Lebih lanjut, Isnur menduga pemerintah sengaja diam-diam merancang aturan turunan dari UU TNI. Tujuannya untuk menghindari sorotan, perdebatan dan kritik dari masyarakat luas. Ia menambahkan substansi yang terdapat di dalam rancangan peraturan pemerintah (RPP) mengenai tugas TNI justru semakin berisiko membahayakan kehidupan demokrasi, jaminan HAM dan pelindungan konstitusional warga negara.
"Materi RPP memuat sejumlah klausul yang cenderung multi-interpretatif sehingga mengandung ketidakpastian yang seharusnya dihindari dalam substansi perundang-undangan," kata Isnur.
RPP itu juga mengaburkan tugas pokok dan wewenang TNI. "Padahal, fokus militer pada bidang pertahanan negara. Bukan memperluas kewenangannya dalam non-pertahanan," tutur dia.
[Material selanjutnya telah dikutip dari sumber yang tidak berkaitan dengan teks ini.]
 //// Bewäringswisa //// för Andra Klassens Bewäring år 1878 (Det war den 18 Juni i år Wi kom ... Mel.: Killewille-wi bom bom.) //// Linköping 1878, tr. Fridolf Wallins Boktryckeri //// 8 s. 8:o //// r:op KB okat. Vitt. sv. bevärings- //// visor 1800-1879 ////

2. TNI berpotensi ikut terlibat dalam proses penegakan hukum

Salah satu poin di dalam RPP Undang-Undang TNI yang dianggap membahayakan tertulis di dalam pasal 9 ayat (3) huruf g. Isinya memasukan operasi bantuan yustisial. Di dalam penjelasannya, poin tersebut hanya tertulis cukup jelas.
"Pasal tersebut secara jelas mengatur keterlibatan TNI dalam proses penegakan hukum yang tentunya bertentangan dengan prinsip due process of law dalam sistem peradilan pidana terintegrasi (integrated criminal justice system) yang telah diatur di dalam Undang-Undang nomor 20 tahun 2025 tentang Kitabn Undang-Undang Hukum Acara Pidana (KUHAP)," kata Isnur.
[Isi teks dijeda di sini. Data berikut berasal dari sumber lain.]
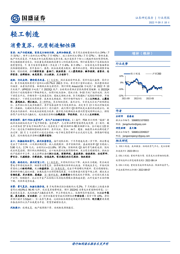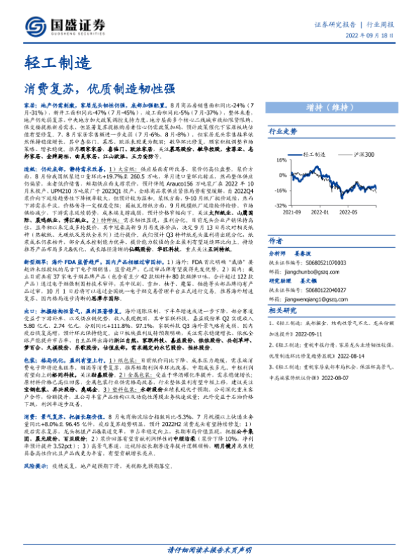 【国盛证券】【20220918】轻工制造行业周报:消费复苏,优质制造韧性强-63页

Ia menambahkan rumusan pasal demikian dapat mengakibatkan terlibatnya TNI sebagai bagian dari aparat penegak hukum yang sejajar dengan kepolisian, kejaksaan dan pengadilan.
3. Koalisi sipil menolak substansi aturan turunan di dalam UU TNI

Koalisi masyarakat sipil kemudian menyatakan penolakan secara tegas usai mengetahui substansi aturan turunan di dalam UU TNI. Selain itu, masyarakat sipil kecewa karena penyusunan aturan turunan tak sepatutnya dilakukan bersamaan dengan mekanisme konstitusional yang sedang digunakan oleh masyarakat untuk menguji konstitusional pasal yang menjadi dasar pembentukan peraturan pemerintah.
"Pembahasan RPP ini justru semakin menunjukkan semakin nyata kembalinya cengkeraman militer di Indonesia. Selain itu, ada pula upaya sistematis untuk memperluas kembali peran, pengaruh, atau penggunaan kekuatan militer dalam ranah yang seharusnya dikelola oleh sipil," kata Isnur.
"Maka, secara tegas menolak substansi di dalam RPP tugas TNI tersebut," imbuhnya.
Koalisi sipil juga berkesimpulan pemaksaan pembahasan RPP yang terkesan kejar tayang merupakan jalur bebas hambatan yang akan mempercepat mundurnya demokrasi dan robohnya supremasi sipil di Indonesia.